**Work request**
Write the listing below out again in full, dropping its pictures.

**Available data**
-----
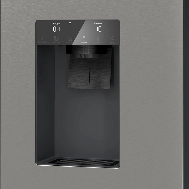 Vollintegrierter Wasser-, Eiswürfel- oder Crushed-Ice-Spender.
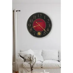 - Antique Design: Its colors alone set it apart, but there’s more to this dramatic wall clock than meets the eye. The Moment in Time antique dial features a wrought iron frame, while a peephole at the “6″ numeral reveals an eye-catching pendulum finished in antique brass. The opening is trimmed with warm charcoal bezel and features a protective glass covering. With its medley of gold, maroon, and black hues, along with its gold-tone spade hands, this timepiece serves as the perfect statement piece for any revamped space.
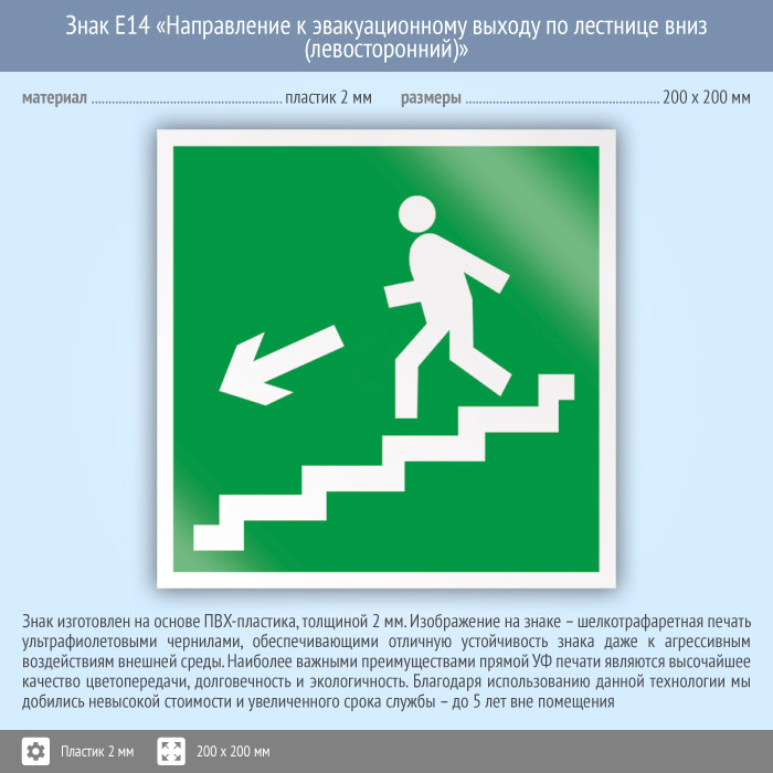 Знак E14 «Направление к эвакуационному выходу по лестнице вниз (левосторонний)» (пластик, 200х200 мм) в Кызыле купить
-----
**Output for this exercise**
 Vollintegrierter Wasser-, Eiswürfel- oder Crushed-Ice-Spender.
 - Antique Design: Its colors alone set it apart, but there’s more to this dramatic wall clock than meets the eye. The Moment in Time antique dial features a wrought iron frame, while a peephole at the “6″ numeral reveals an eye-catching pendulum finished in antique brass. The opening is trimmed with warm charcoal bezel and features a protective glass covering. With its medley of gold, maroon, and black hues, along with its gold-tone spade hands, this timepiece serves as the perfect statement piece for any revamped space.
 Знак E14 «Направление к эвакуационному выходу по лестнице вниз (левосторонний)» (пластик, 200х200 мм) в Кызыле купить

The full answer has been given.